=== RECORDS ===

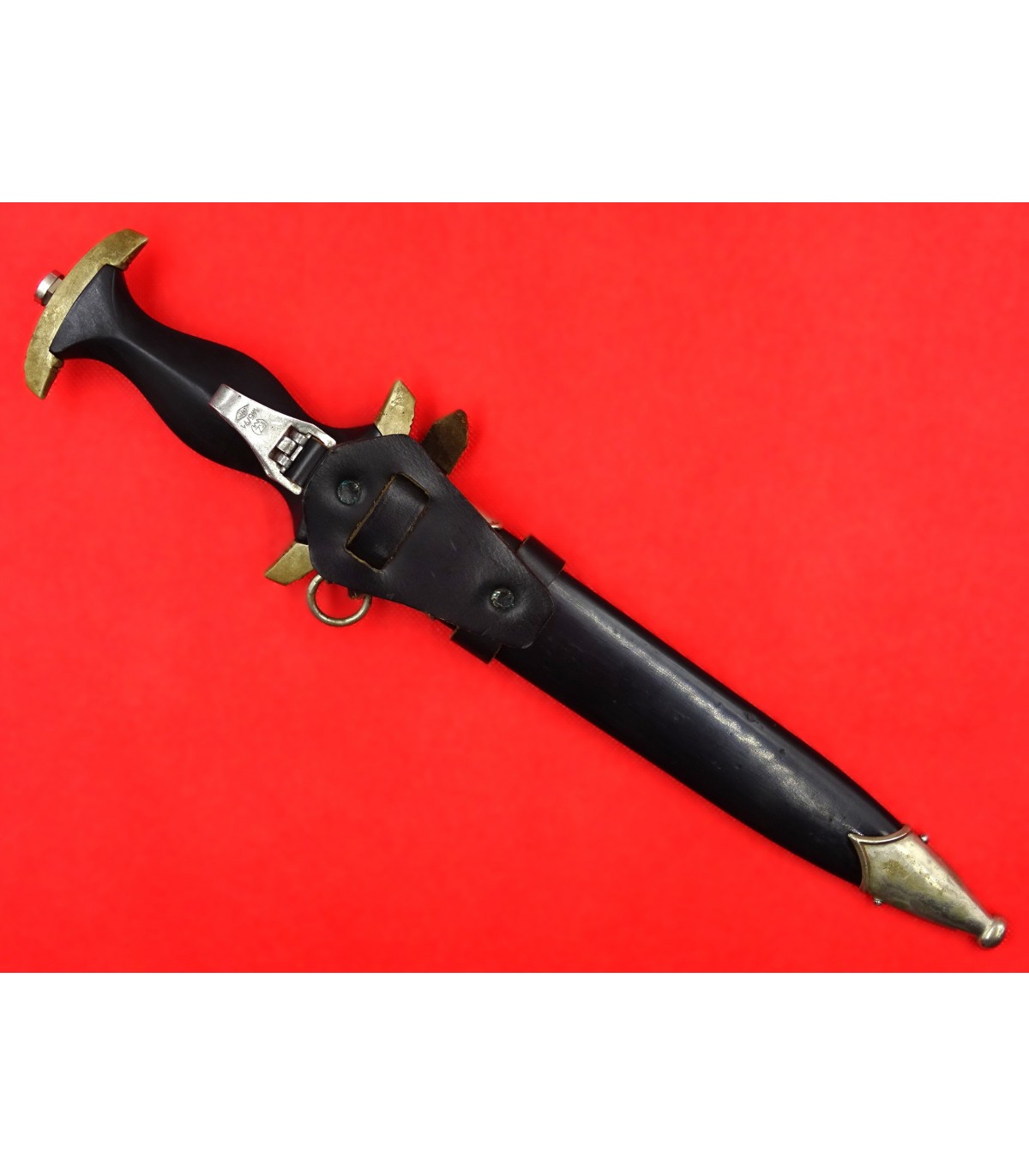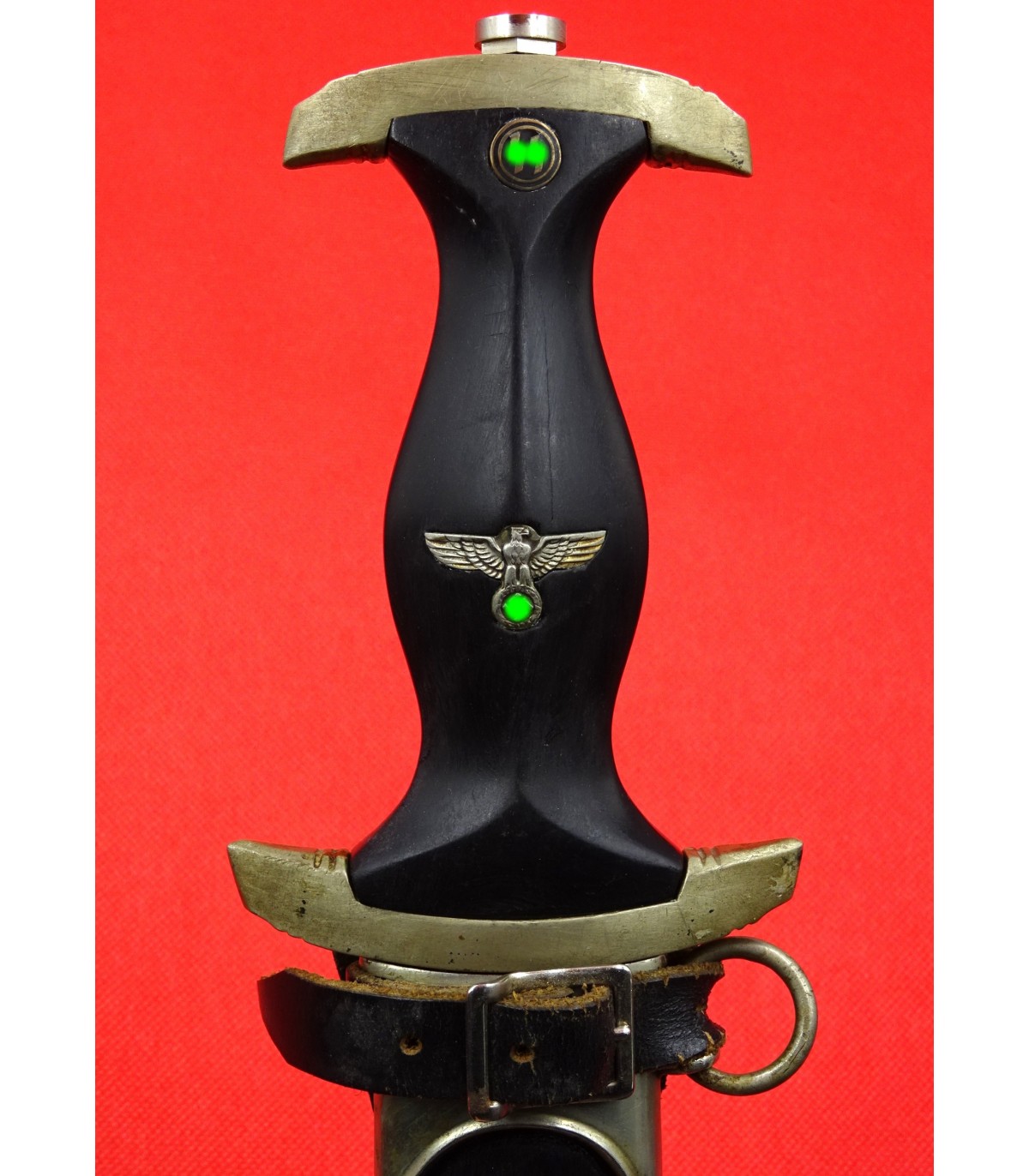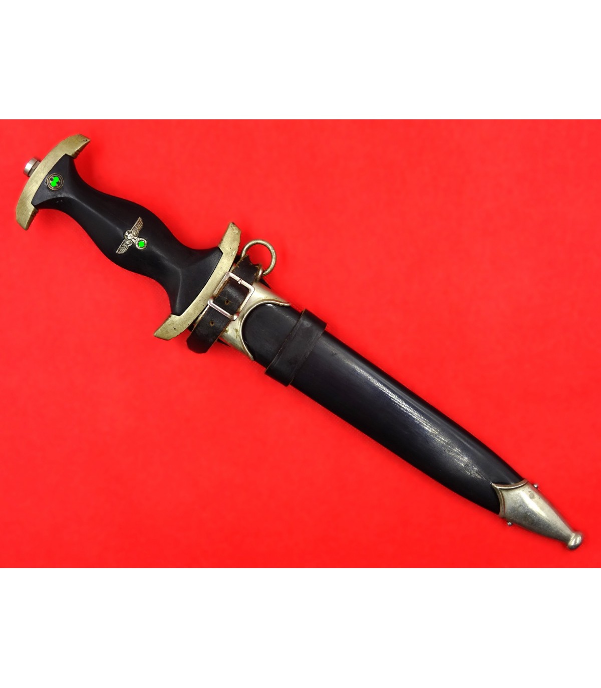 Garnitures maillechort. SS Gruppe II sur garde. Belle poignée sans choc, aigle maillechort. Très belle lame. Laque de fourreau à 100%. Avec attache verticale, mousqueton OLC M5/71. TBE.
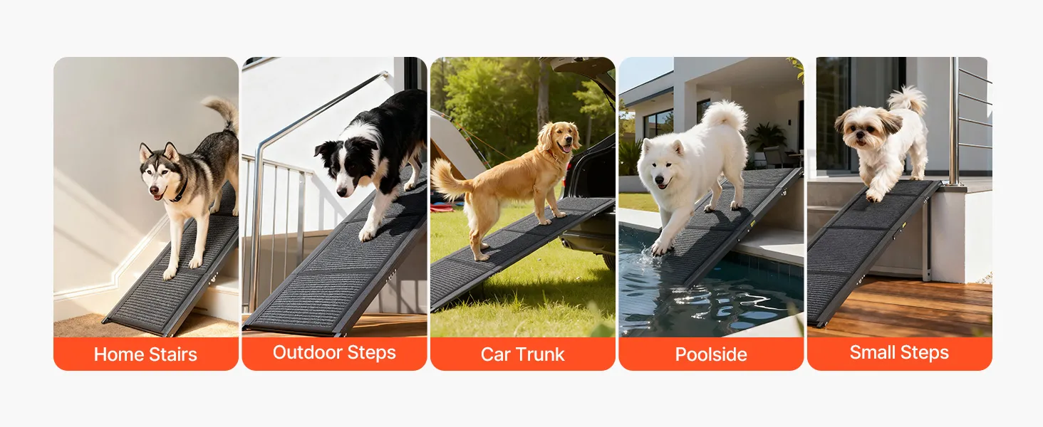 The pet ramp for large dog is ideal for cars, indoor stairs, outdoor steps, RVs, or poolside. Reduces joint stress, ensuring pets move securely and comfortably in every scenario, giving you peace of mind during outings.
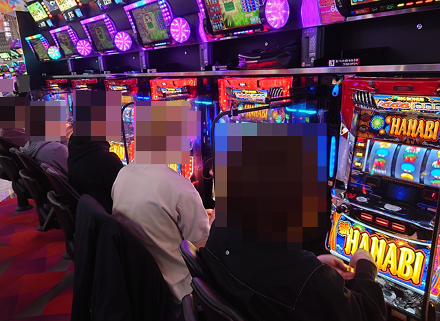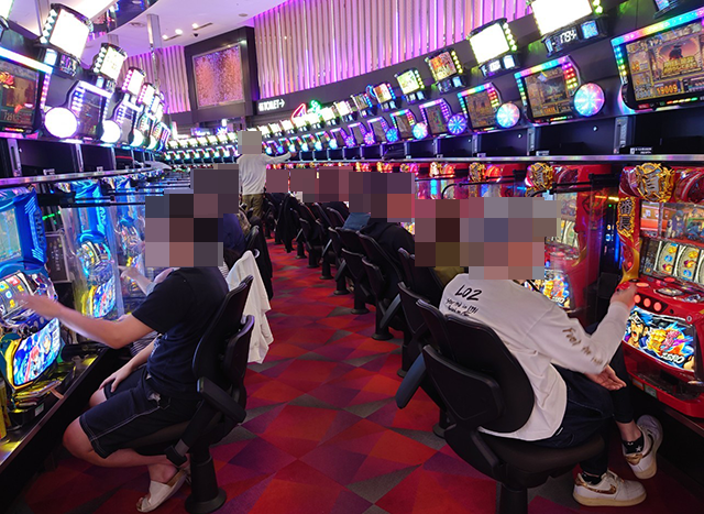 『L主役は銭形4』や『L戦国乙女4 戦乱に閃く炯眼の軍師』も好評であり、遊技を楽しむプレイヤーがズラリと並んでいた。
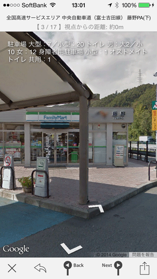 ストリートビューでサービスエリア内部をチェック! どこのコンビニが入っているかなんかも簡単チェックできちゃいますよ!
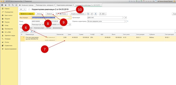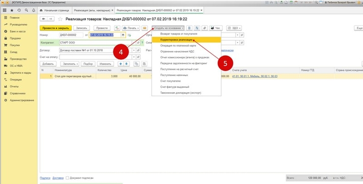 В реализации нажмите «Создать на основании». Выберите категорию «Корректировка реализации».
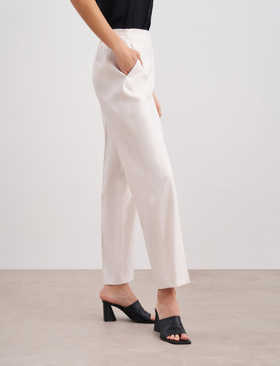 Элегантные брюки прямого кроя изо льна. Застежка со скрытой планкой, комфортная резинка на талии, боковые карманы, классические стрелки. Брюки дополнят как повседневные рабочие и офисные образы, так и вечерние и элегантные в сочетании с жакетом изо льна, лодочками или босоножками. На модели размер S. Параметры модели: рост 180, 83-60-88.
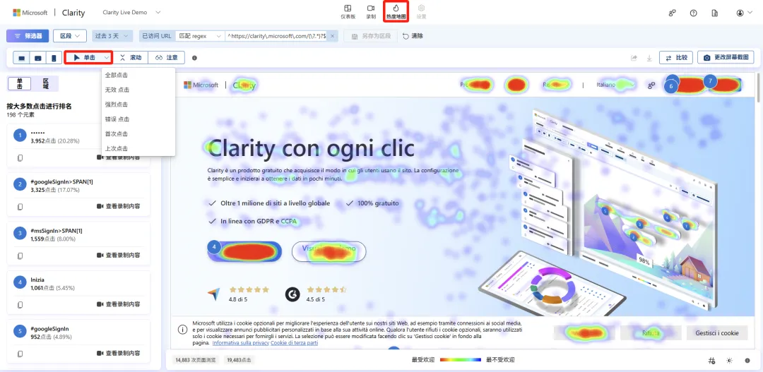 点击热图能帮助你确定用户在页面上点击的位置(包括非链接区域),了解用户点击最多的是页面的哪些部分。在 PC 端,Clarity 追踪用户点击行为(User clicks);在移动/平板设备上,Clarity 则追踪用户轻触操作(User taps)。
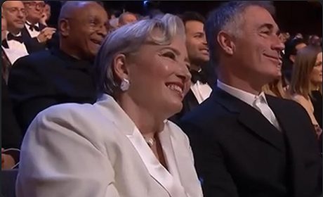 HE to friendo: “When did Kate Winslet become silver-haired?  And with close-cropped silver hair at that?  Would it be insensitive if I mentioned that she might not be slender enough to wear white?”
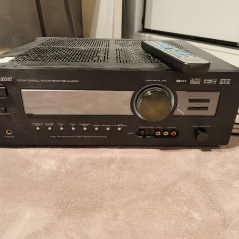 Valmistaja: PioneerMalli: VSX-422-KTeho: 100 wattia kanavaa kohden 8 ?:iin (stereo)Surround-lähtöteho: 100 W (edessä), 100 W (keskellä), 100 W (takana)Taajuusvaste: 5 Hz - 100 kHzSignaali-kohinasuhde: 98 dB (linja)Kaiuttimen kuormitusimpedanssi: 6? - 16?Digitaalitulot: koaksiaalinenVideoliitännät: HDMI, komposiittiViritysalue: AM/FMMitat (LxKxS) ovat noin 43 x 17 x 34 cmPaino noin 8,8 kgKaukosäädin puuttuu.Kierrätyskeskuksen tarkistama tuote.
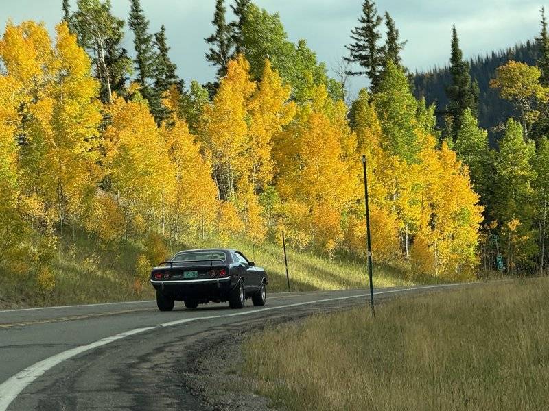 Absolutely beautiful!!! Thanks for sharing!!Took a 10 hr round trip to Creede in SW Colorado for their annual show and see the brilliant colors of the Aspen. We only had a few issues. The alternator quit on my friends ‘72 Cuda 440, so we did a quick swap in the parking lot of Napa. My oil pressure was reading low so installed a new sending unit but it didn’t help. Luckily a friend in Alamosa was able to hook up a mechanical gauge and it was reading just fine. While at the show, another friend with a El Camino was having fuel issues with his Sniper, so we swapped fuel pumps but it didn’t help. He had to be towed home and it ended up being the regulator in the Sniper itself, which apparently is discontinued so he has to buy a new Sniper 2, or just go back to a carb.
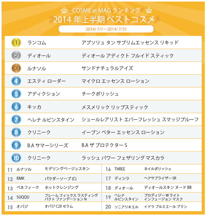 COSME at MAG 7月集計・2014上半期ベスコスランキングの調査媒体は…2014年7月1日から31日までに発売された調査媒体79誌延べ98冊。詳しい調査媒体はこちらを参照してください。
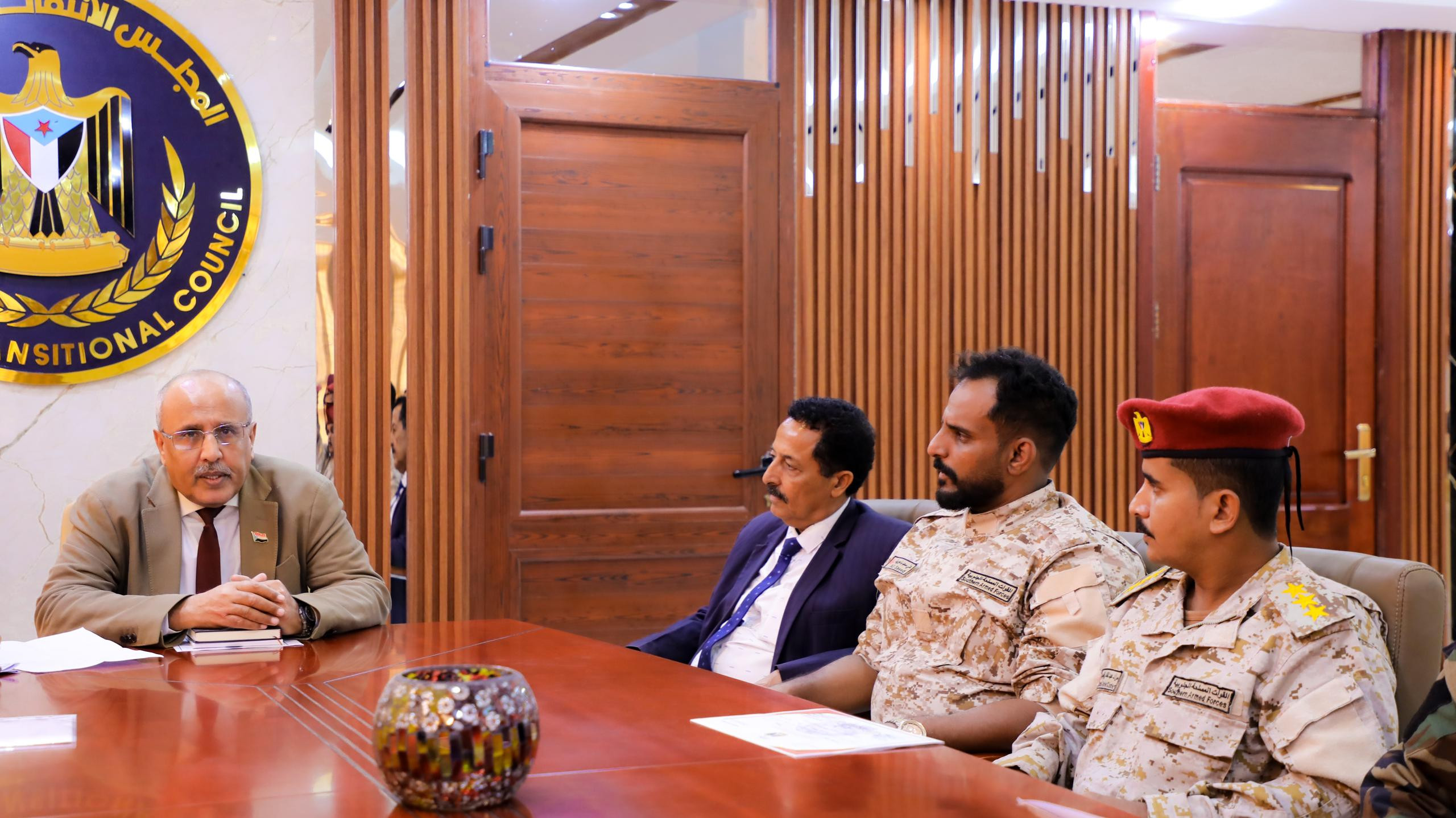 التقى الأستاذ علي عبدالله الكثيري، القائم بأعمال رئيس المجلس الانتقالي الجنوبي، رئيس الجمعية الوطنية، اليوم الإثنين، عدداً من ضباط النخبة الحضرمية الخريجين في دورات الكتائب الخامسة، ودورة السرايا والمشاة العاشرة، ودورة الدفاع الجوي السادسة، من معهد تدريب وتأهيل القادة والأركان بالعاصمة عدن، بقيادة نائب رئيس شعبة التوجيه المعنوي في القوات البرية الجنوبية، العميد وهيب صالح بن سلم.

===

## WORK REQUIRED:
Reproduce, without alteration and without pictures, only those lines that lie between the first line of the entries above and the line containing "В реализации нажмите", both of them included.

## RESPONSE BELOW:
 Garnitures maillechort. SS Gruppe II sur garde. Belle poignée sans choc, aigle maillechort. Très belle lame. Laque de fourreau à 100%. Avec attache verticale, mousqueton OLC M5/71. TBE.
 The pet ramp for large dog is ideal for cars, indoor stairs, outdoor steps, RVs, or poolside. Reduces joint stress, ensuring pets move securely and comfortably in every scenario, giving you peace of mind during outings.
 『L主役は銭形4』や『L戦国乙女4 戦乱に閃く炯眼の軍師』も好評であり、遊技を楽しむプレイヤーがズラリと並んでいた。
 ストリートビューでサービスエリア内部をチェック! どこのコンビニが入っているかなんかも簡単チェックできちゃいますよ!
 В реализации нажмите «Создать на основании». Выберите категорию «Корректировка реализации».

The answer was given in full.